Леголас вынужден согласиться с ним, как ни омерзительно ему то. Они молчат несколько долгих мгновений, прежде чем он всё же решается:
— Что же мне делать теперь? — Леголас знает, что звучит гадко растерянно и слишком уж по-детски, точно ребёнок, чьи родители оставили его в компании незнакомцев, пообещав вернуться вскоре, но обещания не сдержав.
Таурендил задумчиво, словно лишь размышляя вслух, произносит:
— Будь я на твоём месте, то попытался бы Его Величество убить. И, будь на твоем месте я, то у меня это, разумеется, вышло бы. Видишь ли, это единственный способ покончить со всем этим, мой дорогой друг, раз и навсегда, однако мы оба знаем, что у тебя ничего не получится. А потому могу лишь посоветовать тебе попросить его о снисхождении, иначе…
— Что? — резко восклицает Леголас, и замирает, врасплох захваченный нежданной вспышкой ярости. — Снисхождении?!
— Иначе, — не теряя хладнокровия продолжает Таурендил, — ты умрёшь. Или он ненароком умрёт. Или умрёте вы оба, что обеспечит чудовищно веселые времена для всего королевства. Остановись, пока не поздно: большего, чем теперь, тебе уж точно не получить, — голос его дрожит, в запальчивости гнева ломаясь и падая: — Король Трандуил никогда не стоил твоего разума, и тем паче не стоит твоей жизни, пусть ты этого понять и не в силах. Что бы ты ни пытался… Ради Эру и Валар, ничто и никто не стоит того, чтобы жертвовать своей жизнью, и особенно твой отец!
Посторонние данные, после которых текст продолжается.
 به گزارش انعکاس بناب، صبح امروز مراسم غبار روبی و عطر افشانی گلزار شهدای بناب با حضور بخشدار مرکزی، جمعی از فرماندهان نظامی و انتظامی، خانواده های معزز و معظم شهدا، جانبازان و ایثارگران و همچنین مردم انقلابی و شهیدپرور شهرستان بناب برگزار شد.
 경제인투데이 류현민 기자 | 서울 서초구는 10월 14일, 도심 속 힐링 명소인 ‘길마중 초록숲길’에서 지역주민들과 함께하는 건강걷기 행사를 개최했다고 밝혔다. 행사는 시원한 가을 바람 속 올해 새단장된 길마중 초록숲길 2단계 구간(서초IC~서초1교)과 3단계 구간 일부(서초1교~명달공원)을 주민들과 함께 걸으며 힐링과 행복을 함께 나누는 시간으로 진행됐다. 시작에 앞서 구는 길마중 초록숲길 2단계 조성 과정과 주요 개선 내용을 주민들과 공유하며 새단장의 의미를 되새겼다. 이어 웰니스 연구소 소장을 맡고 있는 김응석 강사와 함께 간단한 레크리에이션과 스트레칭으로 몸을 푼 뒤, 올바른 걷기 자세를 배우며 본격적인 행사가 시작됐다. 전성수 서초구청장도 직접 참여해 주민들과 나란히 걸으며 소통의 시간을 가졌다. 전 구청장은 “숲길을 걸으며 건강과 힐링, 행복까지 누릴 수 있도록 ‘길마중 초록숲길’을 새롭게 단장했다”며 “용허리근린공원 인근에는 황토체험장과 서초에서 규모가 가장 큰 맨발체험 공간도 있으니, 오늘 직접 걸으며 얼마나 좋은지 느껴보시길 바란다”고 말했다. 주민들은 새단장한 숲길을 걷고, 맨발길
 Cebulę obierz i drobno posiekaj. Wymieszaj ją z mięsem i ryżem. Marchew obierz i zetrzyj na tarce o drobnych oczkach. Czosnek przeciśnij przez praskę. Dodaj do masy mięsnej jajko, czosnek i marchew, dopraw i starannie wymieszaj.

— Я пытался умереть не ради него, — шипит сквозь зубы Леголас, отчётливо ощущая, как мир рушится под его ногами. Он не верит самому себе, но гнев прост и кристально ясен: Таурендил сердится оттого, что беспокоится, а раз беспокоится, значит ему не всё равно. Значит, у Леголаса всё ещё кто-то есть.
— Повторяй это себе почаще, — жёстко отсекает Таурендил. — Вы заигрались, слишком заигрались, Леголас, и ты не можешь знать, будет ли он пытаться спасти тебя в следующий раз.
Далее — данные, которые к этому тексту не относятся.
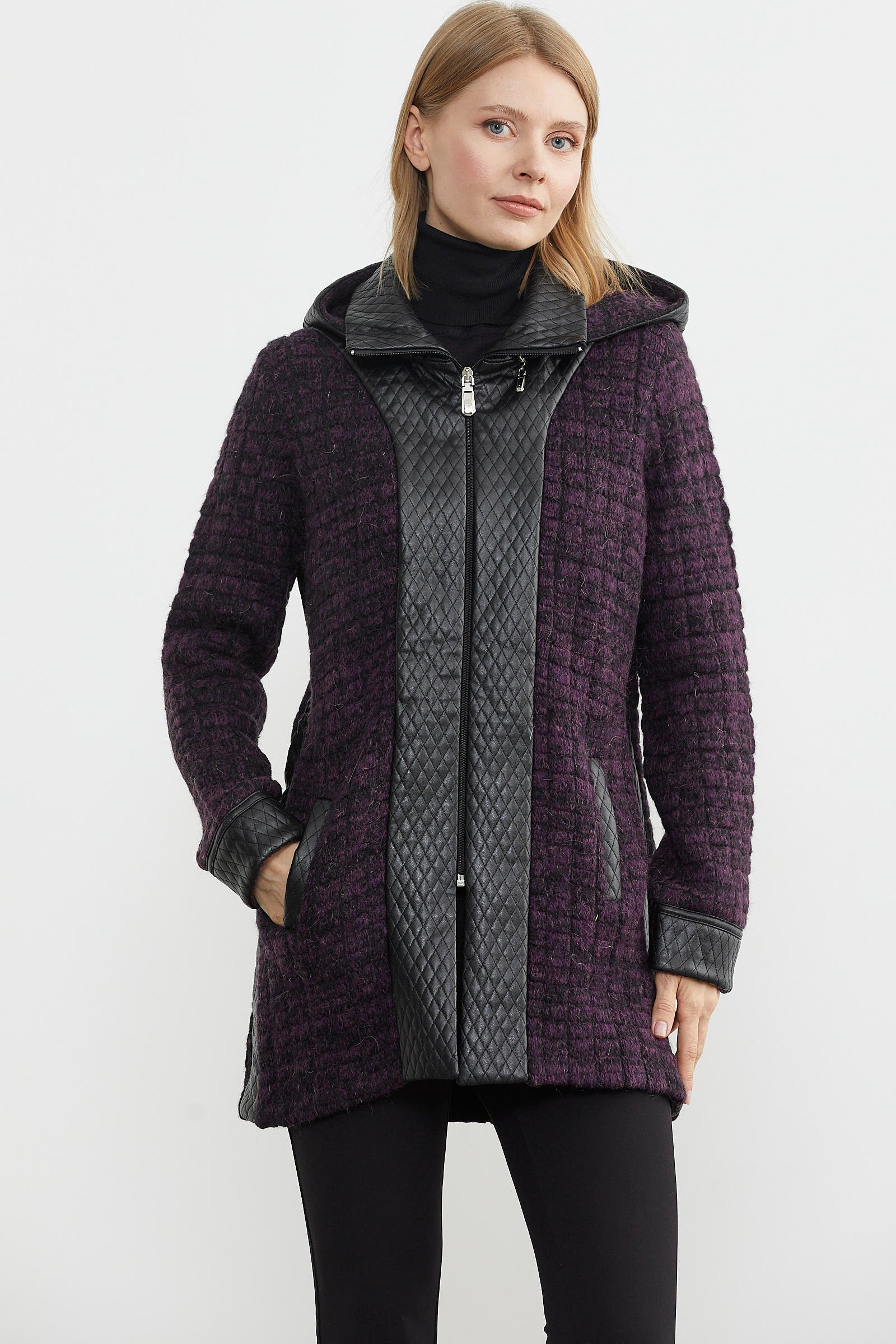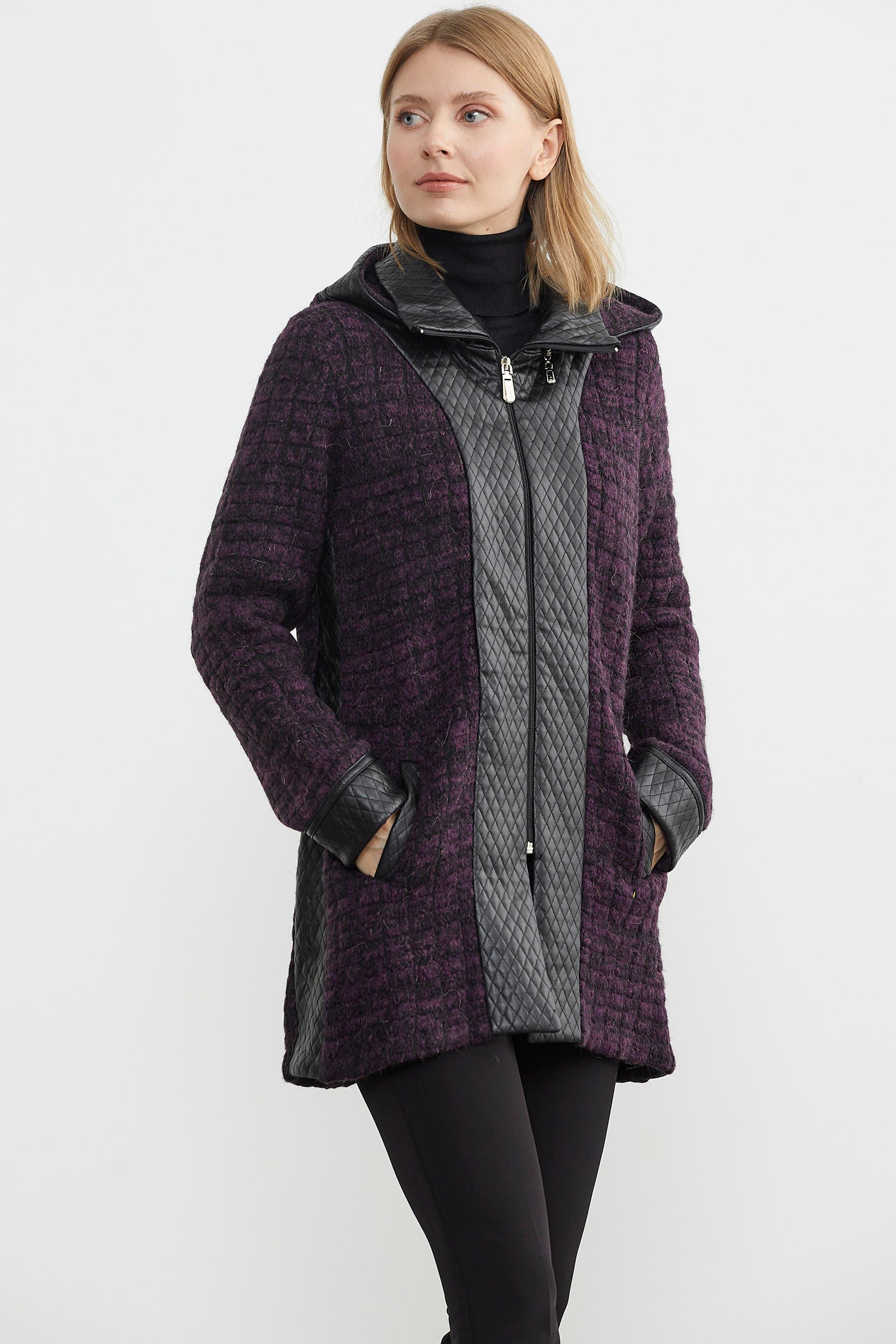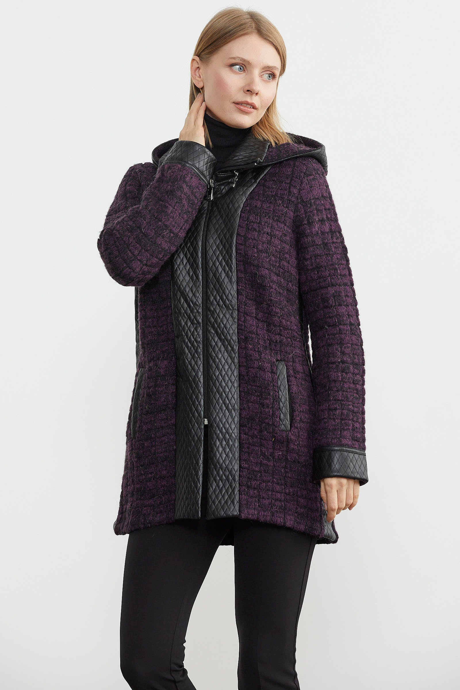 Suni Deri Detaylı Uzun Triko Ceket - Mor - Siyah

Взгляд, каким старый друг его одаривает обжигающе-светел; ярость в нём переливается страхом, тем самым, особенным и резким, какой Леголас часто замечал у своего отражения. Они боятся своего короля, но всё же боятся по-разному и, сдаётся, из-за разного.
Дверь с грохотом захлопывается за ним.
Леголас надрывно смеётся в извечной мертвой тишине своих покоев: Таурендил всегда поступает правильно.
Леголас помнит, как восемь сотен лет назад его король, вложив ему меч в руки и улыбнувшись безмятежно, приказал убить его. Помнит, как, ошеломлённый, застыл, зацепившись лишь за вёрткую и кислую мысль, что, чудится, всё же совершит грех отцеубийства.
Он помнит их фальшивую дуэль; помнит, как король смеялся, приказывая нападать, но сам лишь защищался, парируя его удары — почти все, всегда лишь почти. Леголас помнит первую кровь, но не помнит, кому она принадлежала: не всё ли равно, если в жилах их одна кровь течёт?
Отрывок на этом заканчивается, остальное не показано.